Restate all the data word for word and omit the pictures.

*** Opening Supplied data ***

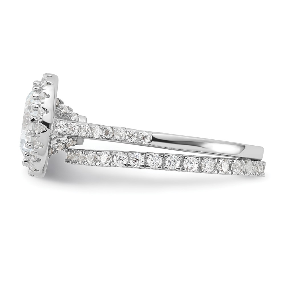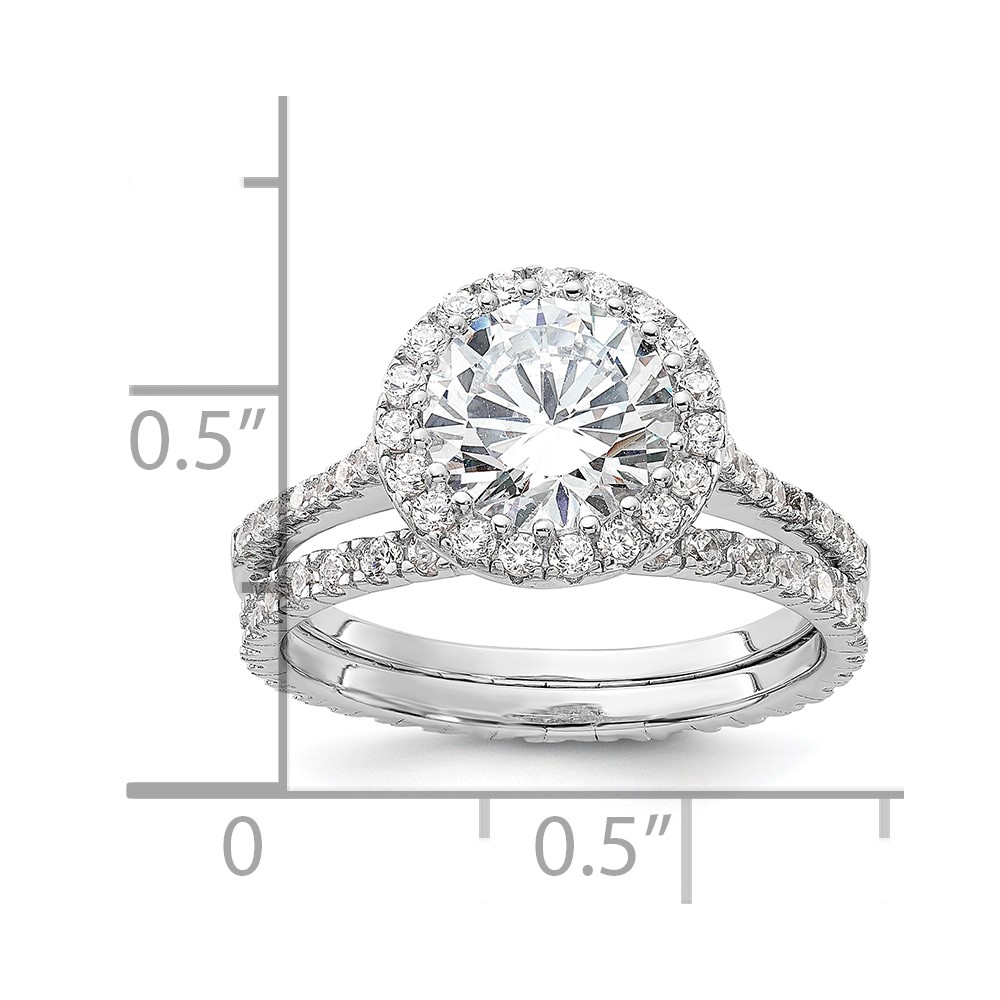 Sterling Silver Rh-plt 11mm CZ Halo Engagement/Eternity Band 2 Ring Set (QR7556-8)
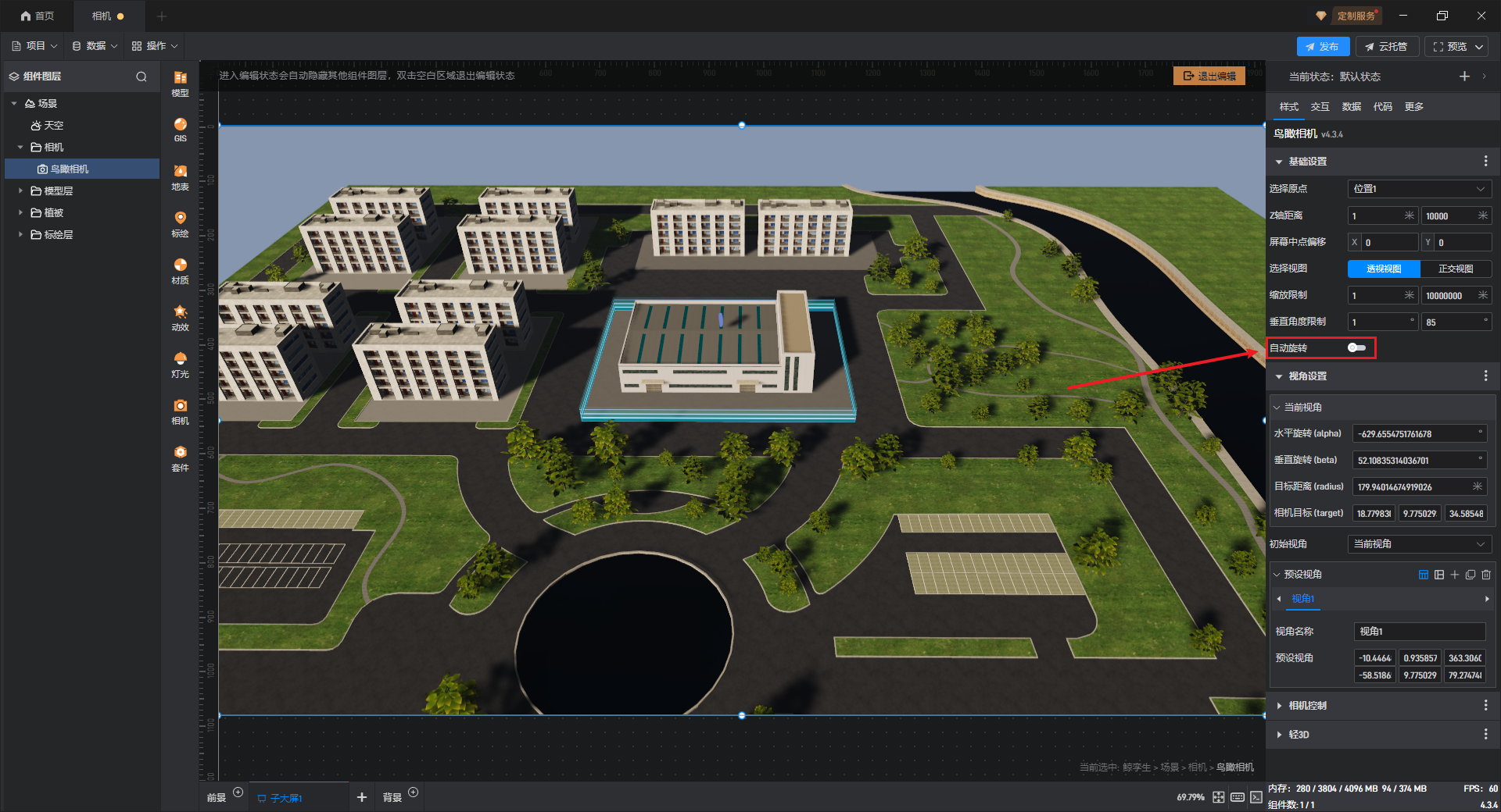 开启后场景会以“原点”为中心顺指针自动旋转,默认关闭。通常在展示产品时可以用到自动旋转。
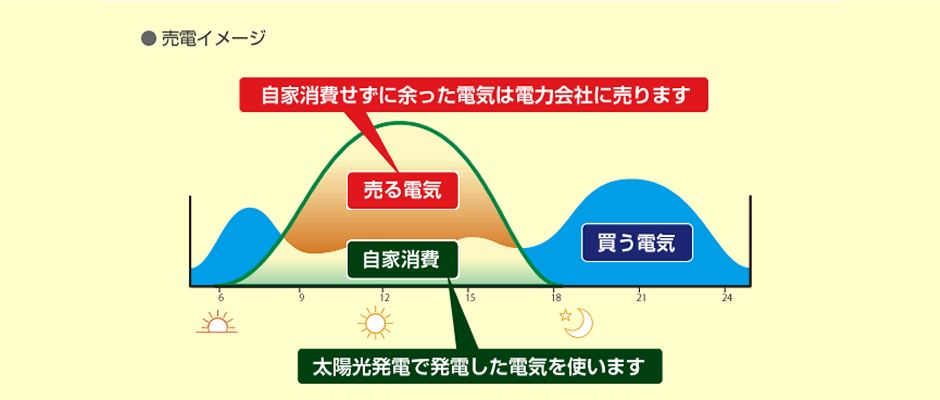 太陽光発電システムで発電した電気は優先的に自家消費にまわされ、余った電気を電力会社が一定価格で買い取ります。
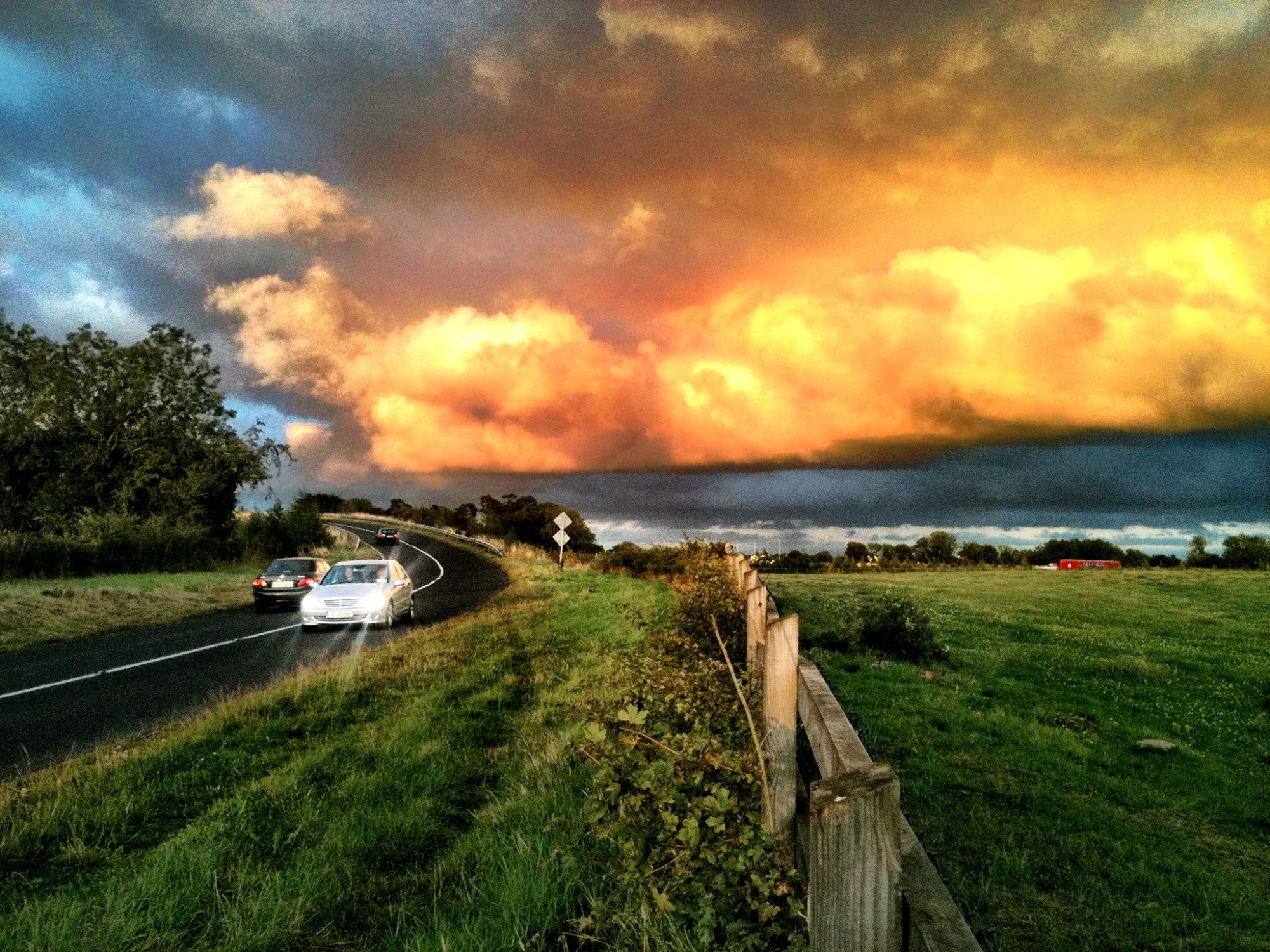 Ok, so I’ll admit I have bumped up the saturation and sharpness a little, but I haven’t adjusted the colour of any specific area of these shots. I was driving from Ratoath to Ashbourne via the Ballybin road a couple of weeks back as sunset approached. I just HAD to stop the car and take a few shots of that crazy orange band in the clouds. I watched lots of other cars go by, but the drivers didn’t look like they noticed anything unusual. These were taken with an iPhone 3Gs and processed with the Camera+ app.

*** Closing Supplied data ***

### Result for this task
 Sterling Silver Rh-plt 11mm CZ Halo Engagement/Eternity Band 2 Ring Set (QR7556-8)
 开启后场景会以“原点”为中心顺指针自动旋转,默认关闭。通常在展示产品时可以用到自动旋转。
 太陽光発電システムで発電した電気は優先的に自家消費にまわされ、余った電気を電力会社が一定価格で買い取ります。
 Ok, so I’ll admit I have bumped up the saturation and sharpness a little, but I haven’t adjusted the colour of any specific area of these shots. I was driving from Ratoath to Ashbourne via the Ballybin road a couple of weeks back as sunset approached. I just HAD to stop the car and take a few shots of that crazy orange band in the clouds. I watched lots of other cars go by, but the drivers didn’t look like they noticed anything unusual. These were taken with an iPhone 3Gs and processed with the Camera+ app.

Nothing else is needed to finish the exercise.